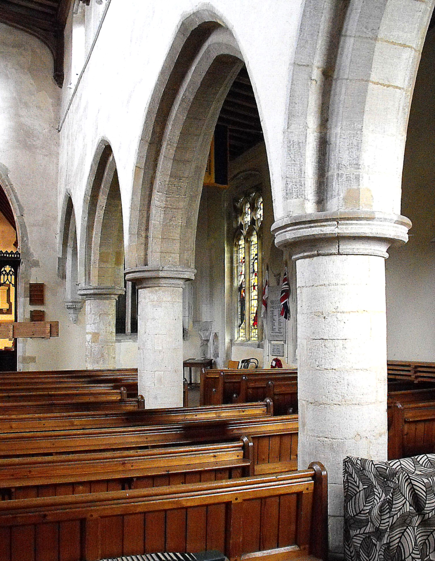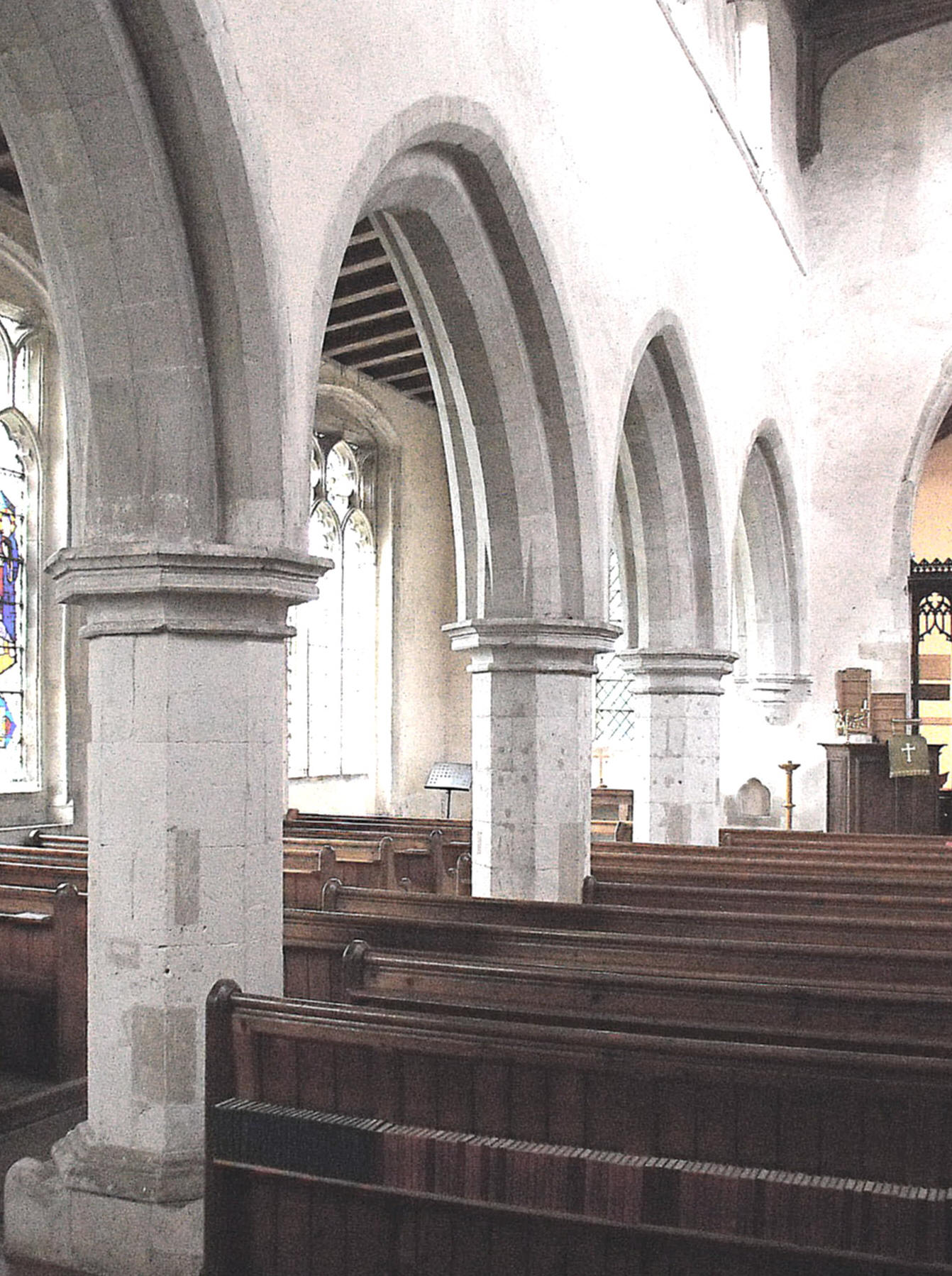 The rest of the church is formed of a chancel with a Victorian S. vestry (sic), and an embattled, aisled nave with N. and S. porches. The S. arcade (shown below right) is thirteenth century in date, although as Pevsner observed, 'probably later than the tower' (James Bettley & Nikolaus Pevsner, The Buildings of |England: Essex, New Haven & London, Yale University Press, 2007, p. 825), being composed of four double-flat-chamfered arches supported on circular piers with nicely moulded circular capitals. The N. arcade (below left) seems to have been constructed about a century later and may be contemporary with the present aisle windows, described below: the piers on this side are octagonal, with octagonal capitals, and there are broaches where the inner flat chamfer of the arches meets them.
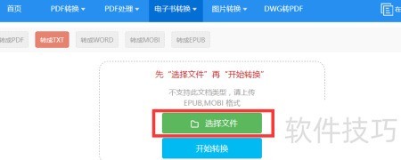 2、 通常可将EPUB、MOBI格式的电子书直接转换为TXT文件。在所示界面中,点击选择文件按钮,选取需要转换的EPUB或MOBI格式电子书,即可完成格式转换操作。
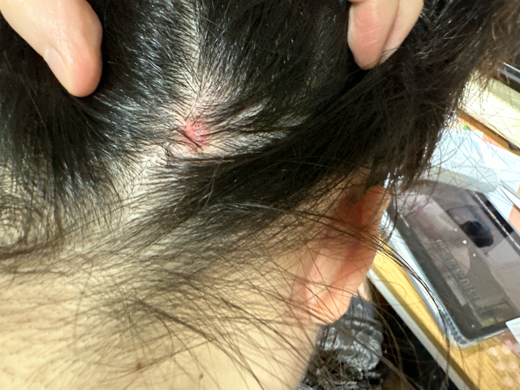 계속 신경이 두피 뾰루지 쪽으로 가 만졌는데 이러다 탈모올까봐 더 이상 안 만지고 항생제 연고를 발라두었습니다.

######

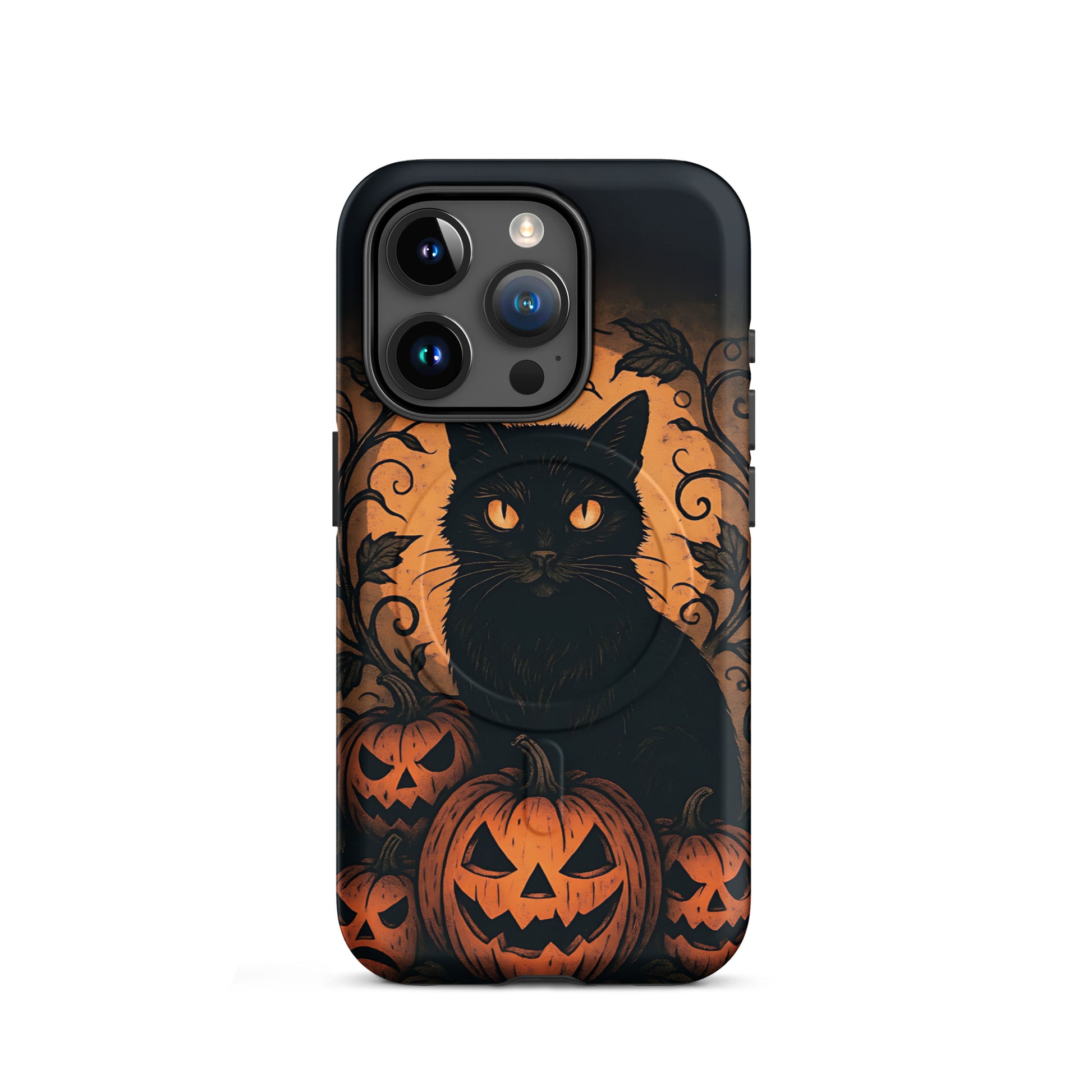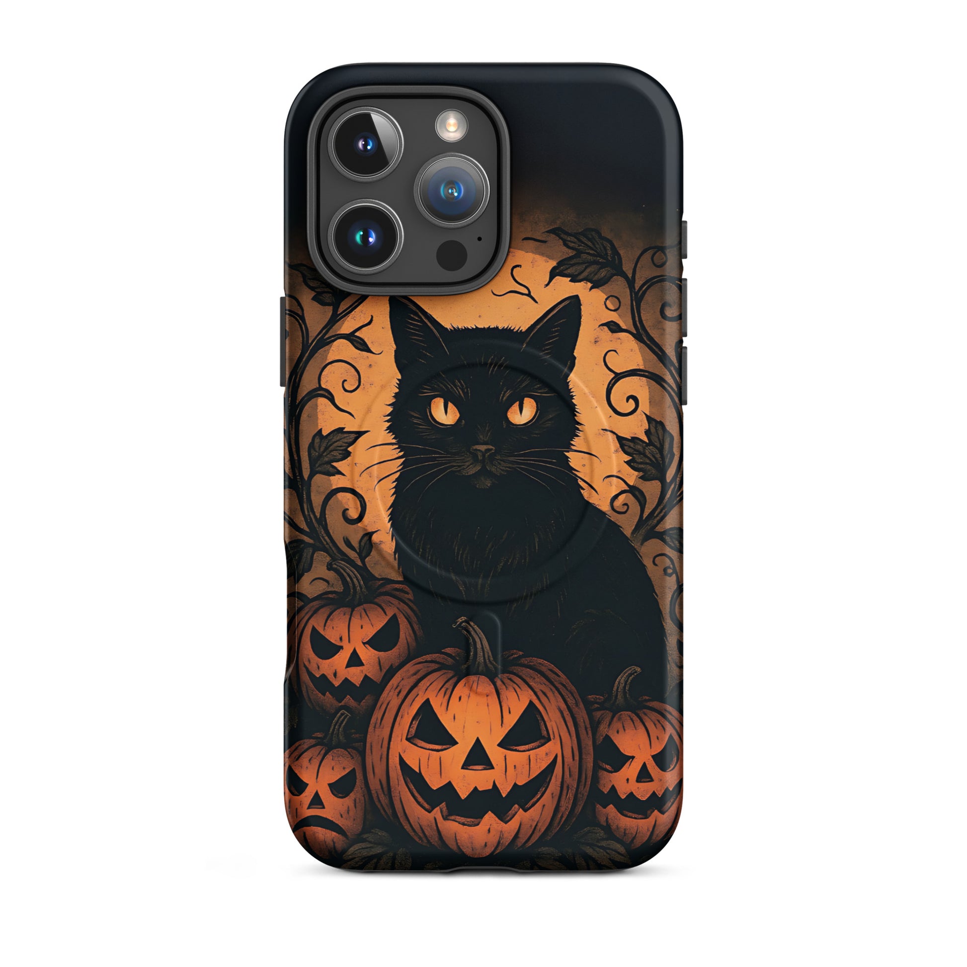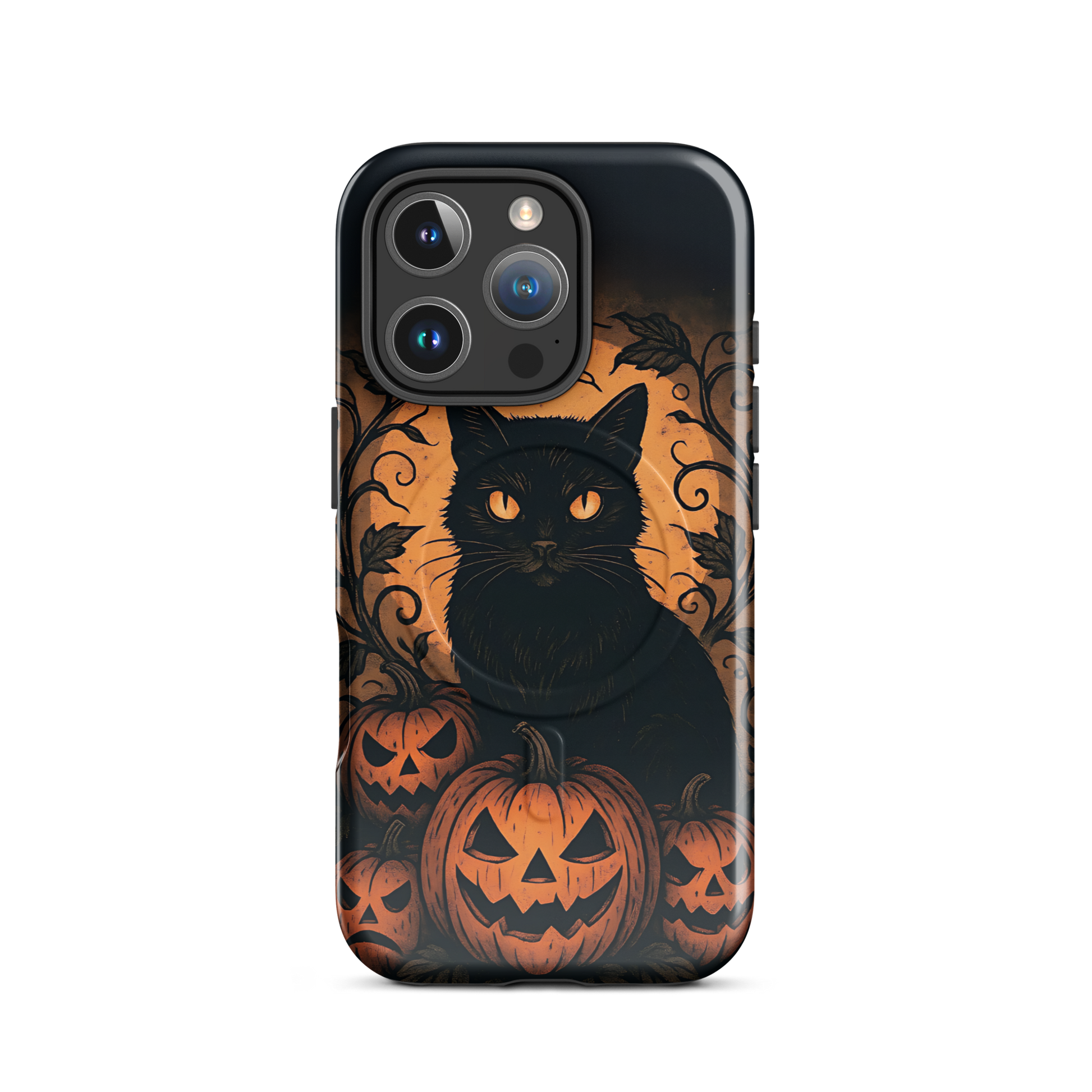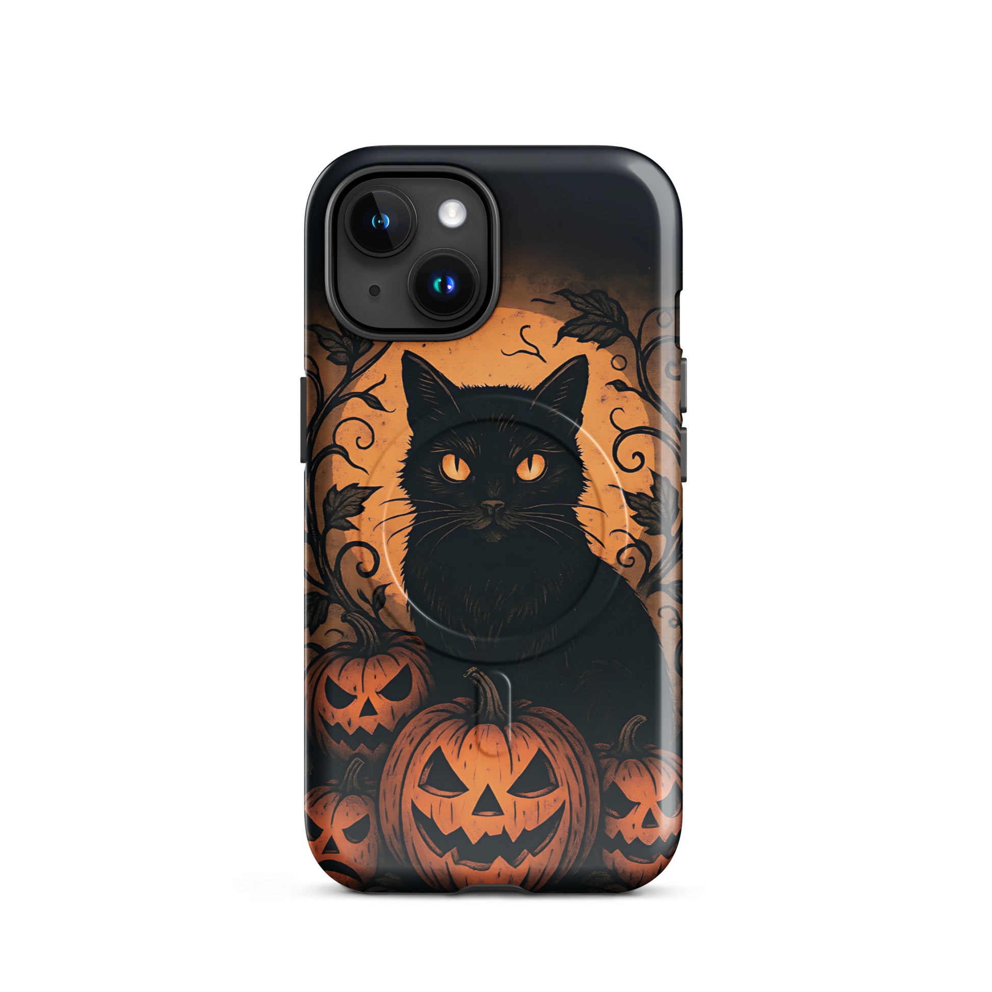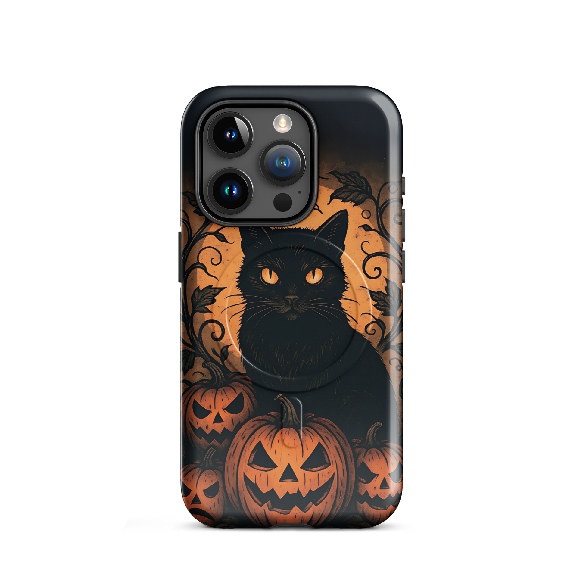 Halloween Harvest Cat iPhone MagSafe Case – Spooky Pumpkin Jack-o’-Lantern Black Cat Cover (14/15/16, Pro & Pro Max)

######

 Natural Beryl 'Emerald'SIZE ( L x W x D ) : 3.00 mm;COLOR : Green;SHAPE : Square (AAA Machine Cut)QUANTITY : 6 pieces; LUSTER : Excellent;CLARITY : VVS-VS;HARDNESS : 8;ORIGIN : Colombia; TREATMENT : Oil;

######

▶ _EXERCISE DIRECTIONS_
The answer must be the part of the records that opens with the line containing "2、 通常可将EPUB、MO" and closes with the line containing "계속 신경이 두피 뾰루지", reproduced exactly, with no pictures.

▶ _TASK SOLUTION_
 2、 通常可将EPUB、MOBI格式的电子书直接转换为TXT文件。在所示界面中,点击选择文件按钮,选取需要转换的EPUB或MOBI格式电子书,即可完成格式转换操作。
 계속 신경이 두피 뾰루지 쪽으로 가 만졌는데 이러다 탈모올까봐 더 이상 안 만지고 항생제 연고를 발라두었습니다.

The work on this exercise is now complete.